(PROVIDED RECORDS Opens)

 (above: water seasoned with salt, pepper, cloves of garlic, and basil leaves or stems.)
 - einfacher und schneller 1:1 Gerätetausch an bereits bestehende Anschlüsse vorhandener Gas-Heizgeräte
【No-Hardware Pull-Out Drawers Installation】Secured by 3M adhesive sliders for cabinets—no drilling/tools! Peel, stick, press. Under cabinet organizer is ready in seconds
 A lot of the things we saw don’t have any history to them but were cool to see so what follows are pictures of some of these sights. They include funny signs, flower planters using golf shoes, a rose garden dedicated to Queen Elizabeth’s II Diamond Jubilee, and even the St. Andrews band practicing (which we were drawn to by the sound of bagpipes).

(PROVIDED RECORDS Closes)
(PROVIDED RECORDS Opens)

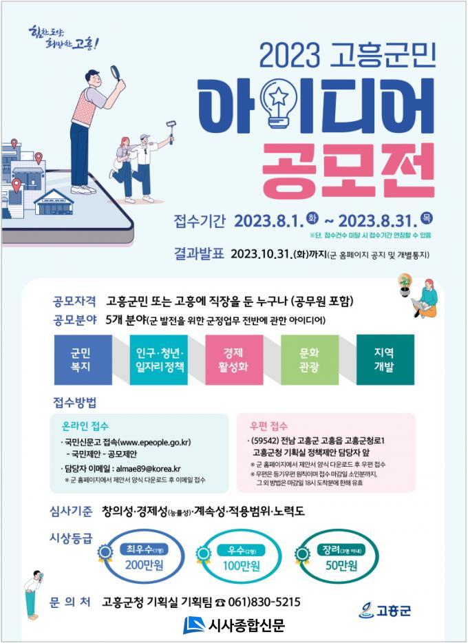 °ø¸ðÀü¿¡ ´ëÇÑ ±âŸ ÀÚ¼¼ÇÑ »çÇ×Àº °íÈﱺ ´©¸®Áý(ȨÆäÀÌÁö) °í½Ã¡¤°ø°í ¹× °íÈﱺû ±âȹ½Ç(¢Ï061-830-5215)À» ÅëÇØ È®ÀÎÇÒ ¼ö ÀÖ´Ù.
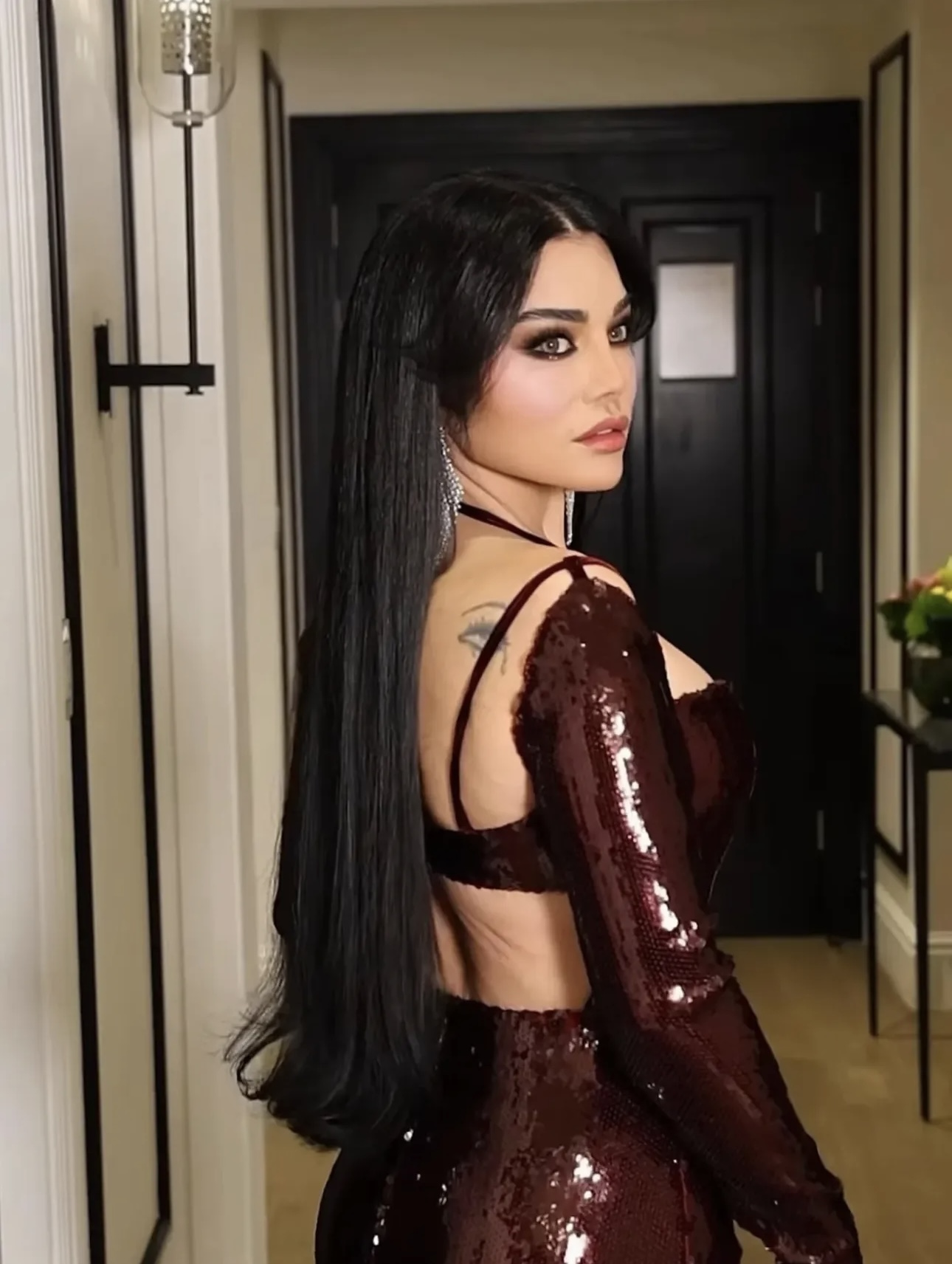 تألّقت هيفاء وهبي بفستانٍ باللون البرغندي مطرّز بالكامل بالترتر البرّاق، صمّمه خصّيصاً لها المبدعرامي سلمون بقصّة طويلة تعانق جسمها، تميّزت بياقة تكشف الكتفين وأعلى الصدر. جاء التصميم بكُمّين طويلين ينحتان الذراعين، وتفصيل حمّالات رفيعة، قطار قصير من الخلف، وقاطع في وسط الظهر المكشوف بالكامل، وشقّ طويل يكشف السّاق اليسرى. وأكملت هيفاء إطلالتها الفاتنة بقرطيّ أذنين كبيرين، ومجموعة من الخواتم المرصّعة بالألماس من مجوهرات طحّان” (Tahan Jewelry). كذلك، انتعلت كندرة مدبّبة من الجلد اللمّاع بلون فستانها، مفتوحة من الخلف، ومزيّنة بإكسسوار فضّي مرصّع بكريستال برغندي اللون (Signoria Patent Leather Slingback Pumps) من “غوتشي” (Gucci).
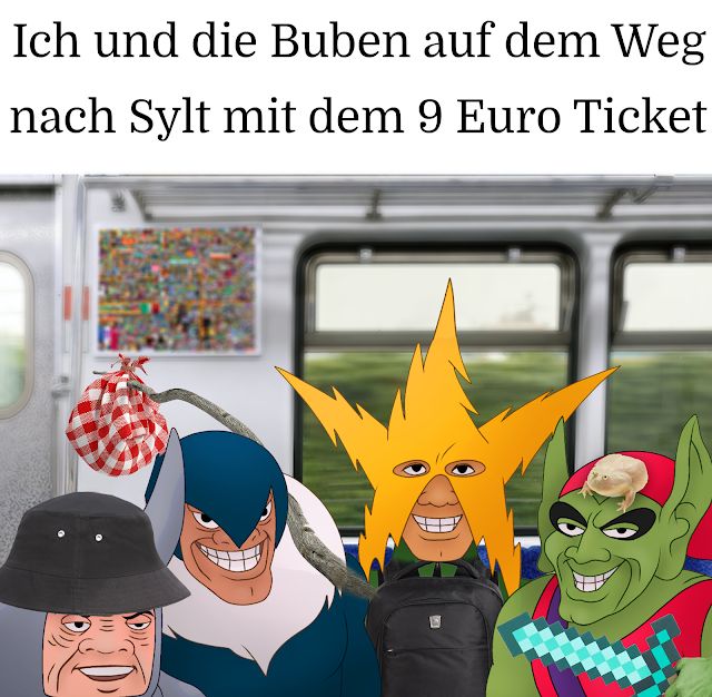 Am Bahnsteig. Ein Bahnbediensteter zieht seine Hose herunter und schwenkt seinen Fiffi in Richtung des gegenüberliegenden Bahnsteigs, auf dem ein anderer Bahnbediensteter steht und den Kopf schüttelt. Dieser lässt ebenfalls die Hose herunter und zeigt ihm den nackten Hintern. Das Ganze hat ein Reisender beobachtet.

(PROVIDED RECORDS Closes)
(PROVIDED RECORDS Opens)

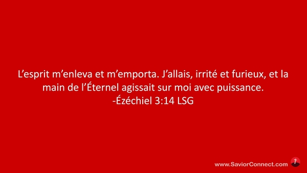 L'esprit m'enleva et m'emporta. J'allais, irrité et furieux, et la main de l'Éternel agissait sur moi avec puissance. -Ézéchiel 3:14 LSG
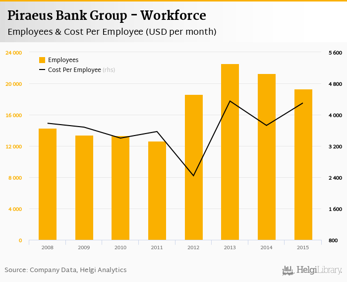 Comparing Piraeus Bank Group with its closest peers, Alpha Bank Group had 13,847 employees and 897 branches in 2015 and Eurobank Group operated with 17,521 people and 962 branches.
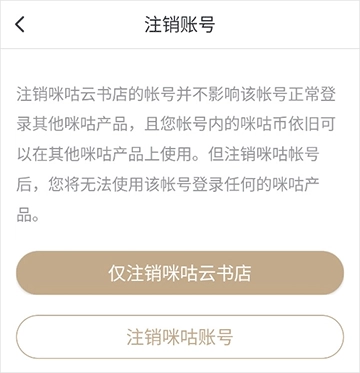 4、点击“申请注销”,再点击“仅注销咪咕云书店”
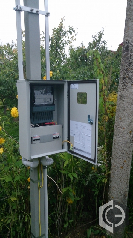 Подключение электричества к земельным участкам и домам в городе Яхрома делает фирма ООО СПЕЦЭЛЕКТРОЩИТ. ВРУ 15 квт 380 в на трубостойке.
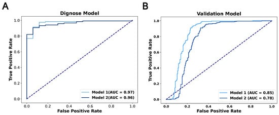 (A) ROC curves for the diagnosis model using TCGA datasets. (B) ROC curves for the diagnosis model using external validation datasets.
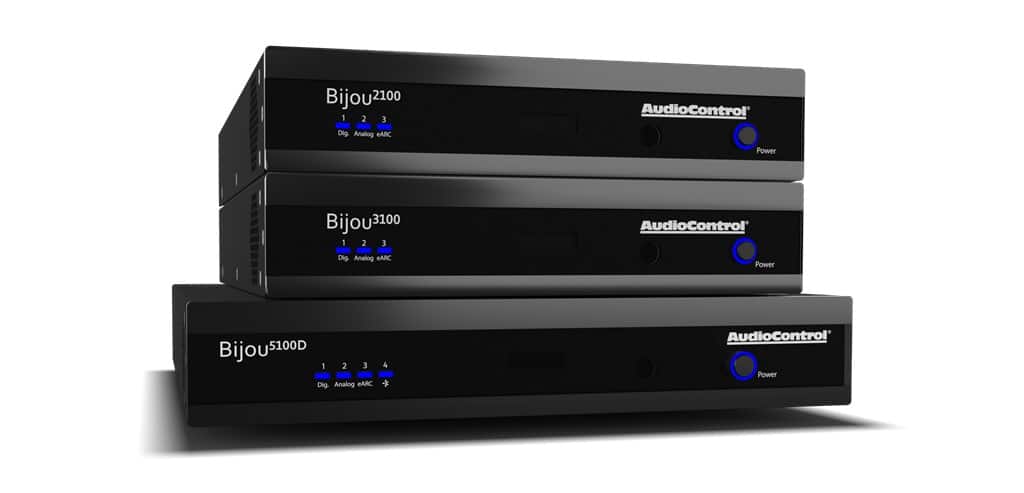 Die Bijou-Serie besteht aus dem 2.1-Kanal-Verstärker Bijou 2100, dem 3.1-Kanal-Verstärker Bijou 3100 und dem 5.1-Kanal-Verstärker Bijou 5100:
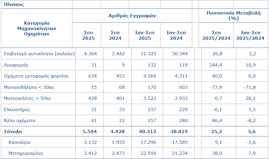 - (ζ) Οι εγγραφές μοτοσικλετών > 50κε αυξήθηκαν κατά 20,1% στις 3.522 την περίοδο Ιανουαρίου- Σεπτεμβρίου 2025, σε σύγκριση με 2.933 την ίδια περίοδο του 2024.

(PROVIDED RECORDS Closes)

- _TASK ITEM_: The exact lines of the material above starting at the one that contains "(above: water seasoned" and ending at the one that contains "ready in seconds" are what to retype; leave out everything else.

- _TASK OUTPUT_:
 (above: water seasoned with salt, pepper, cloves of garlic, and basil leaves or stems.)
 - einfacher und schneller 1:1 Gerätetausch an bereits bestehende Anschlüsse vorhandener Gas-Heizgeräte
【No-Hardware Pull-Out Drawers Installation】Secured by 3M adhesive sliders for cabinets—no drilling/tools! Peel, stick, press. Under cabinet organizer is ready in seconds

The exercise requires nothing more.